The present invention relates to a switch and, more particularly, to a photo-switch adapted to open and close the path of photo-transmission making use of photo-transmissive bodies such as optic fibers.
Such a photo-switch has been known as having, for example, a first photo-transmissive body such as an optic fiber, a light-emitting diode provided at one end of the first photo-transmissive body to act as a light source, a second photo-transmissive body such as an optic fiber, a photo-diode as a light-receiving element and a switch circuit using a relay or the like provided at one end of the second photo-transmissive body, a switch case remote from the light source and the switch circuit and connected to the other ends of the first and second photo-transmissive bodies, and a light shielding member disposed in the switch case and adapted to selectively interrupt the transmission of light from the first photo-transmissive body to the second photo-transmissive body so as to turn on and off the light-receiving element such as a photo-diode, thereby to actuate the switch circuit by means of the output signal from the photo-diode.

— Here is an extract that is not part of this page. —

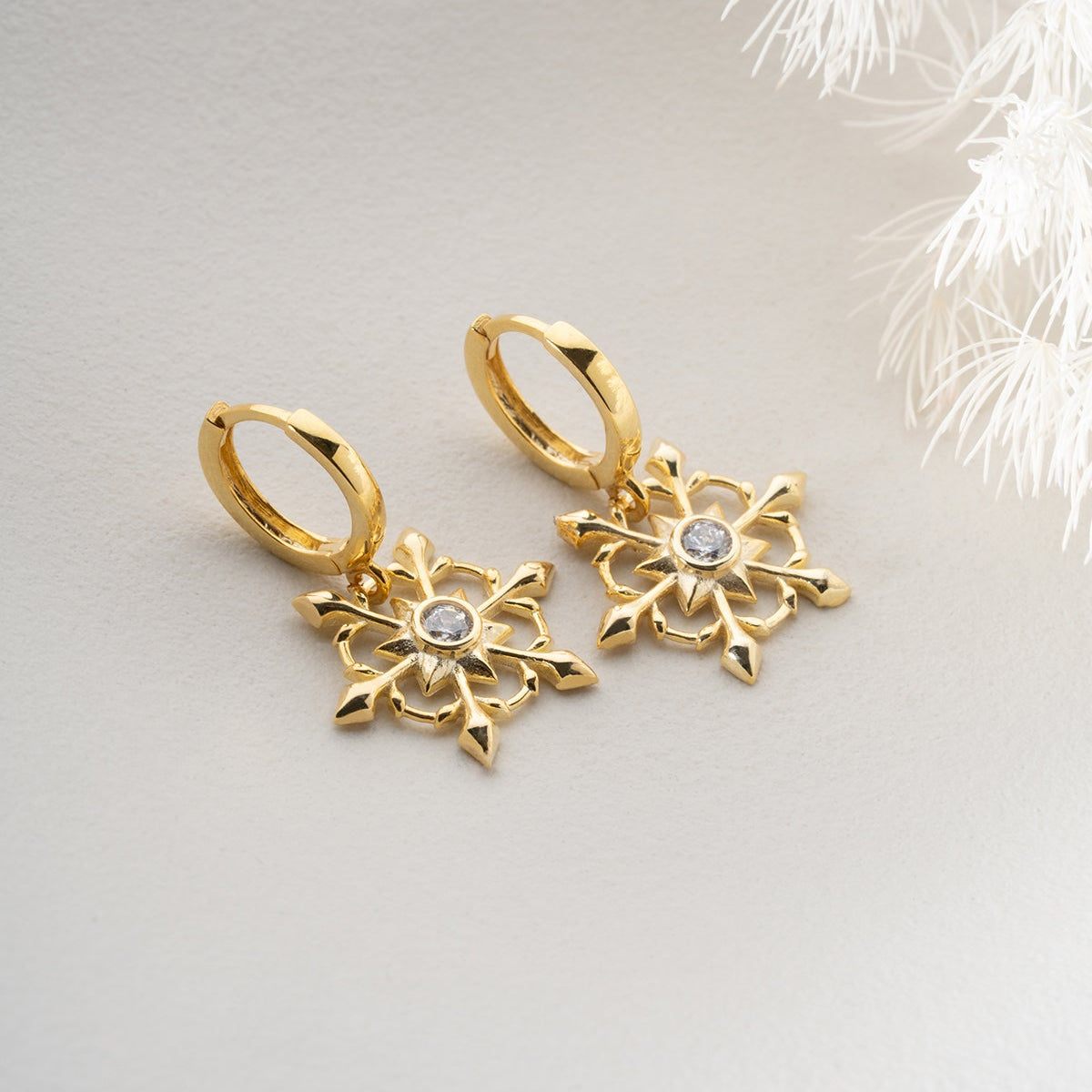 Işıltılı taşlı yıldız figürüyle süslenmiş modern ve zarif halka küpe modeli.

This type of photo-switch is disclosed, for example, in Japanese Utility Model Laid-open No. 42259/1980.
As will be seen from FIG. 1, this known photo-switch has a tube 4 interconnecting the ends of the first and second photo-transmissive bodies 2 and 3 opposed to each other in the switch case 1. The tube 4 is adapted to be collapsed and released by the end of a light-shielding plate 6 which is rocked by the operation of a handle to selectively interrupt the light. In this known structure, therefore, it is necessary to maintain as large a distance as possible between the two photo-transmissive bodies, in order to reduce the secular change of elasticity of the tube 4 due to repeated operation. The increased distance between the two photo-transmissive bodies causes a large loss of light when the light is transmitted from the first photo-transmissive member 2 to the second photo-transmissive member 3.
It is also to be pointed out that, since the tube 4 is pressed at the same portion thereof for a number of times, the deterioration of the tube 4 is heavy to cause malfunctions.
Another known photo-switch is shown in Japanese Utility Model Laid-open No. 50550/1980. In this known photo-switch, as shown in FIG. 2, a reflecting member 8 is mounted on a movable member 7 adapted to rotate in a seesaw-like manner in the switch case 1, so as to selectively reflect the incoming light from the first photo-transmissive body 2 to selectively transmit the light to the second photo-transmissive body 3.
In this known photo-switch shown in FIG. 2, the rotary member 7 rotates along an arcuate path at a position adjacent to the ends of the first and second photo-transmissive bodies which are introduced and arranged in the switch case 1 in parallel with each other. It is, therefore, necessary to provide a required distance between the photo-transmissive bodies 2,3 and the reflecting member 8. This in turn inevitably causes a loss of light (large attenuation of light) when the switch is in the on state. In addition, due to the reflection across a predetermined space, the light from the first photo-transmissive body 2 is inevitably scattered to the region other than the second photo-transmissive body 3.
It is also to be pointed out that, since no light shielding plate is provided, there is a slight leak of light from the first photo-transmissive body 2 to the second photo-transmissive body 3 in the off state of the switch. This leak of light may cause an erroneous operation of the switch.
Another problem of the photo-switch shown in FIG. 2 is that the reflecting efficiency of the reflecting member may be drastically lowered due to dewing and clouding of the reflecting surface due to a change in the ambient temperature. The dew on the reflecting surface causes a random reflection. In order to avoid the clouding of the reflecting surface, it has been proposed to apply silicon or the like to the surface of the reflecting member. This countermeasure, however, cannot prevent condensing of dew onto the lower part of the reflecting surface.
Thus, there are many problems in the prior art.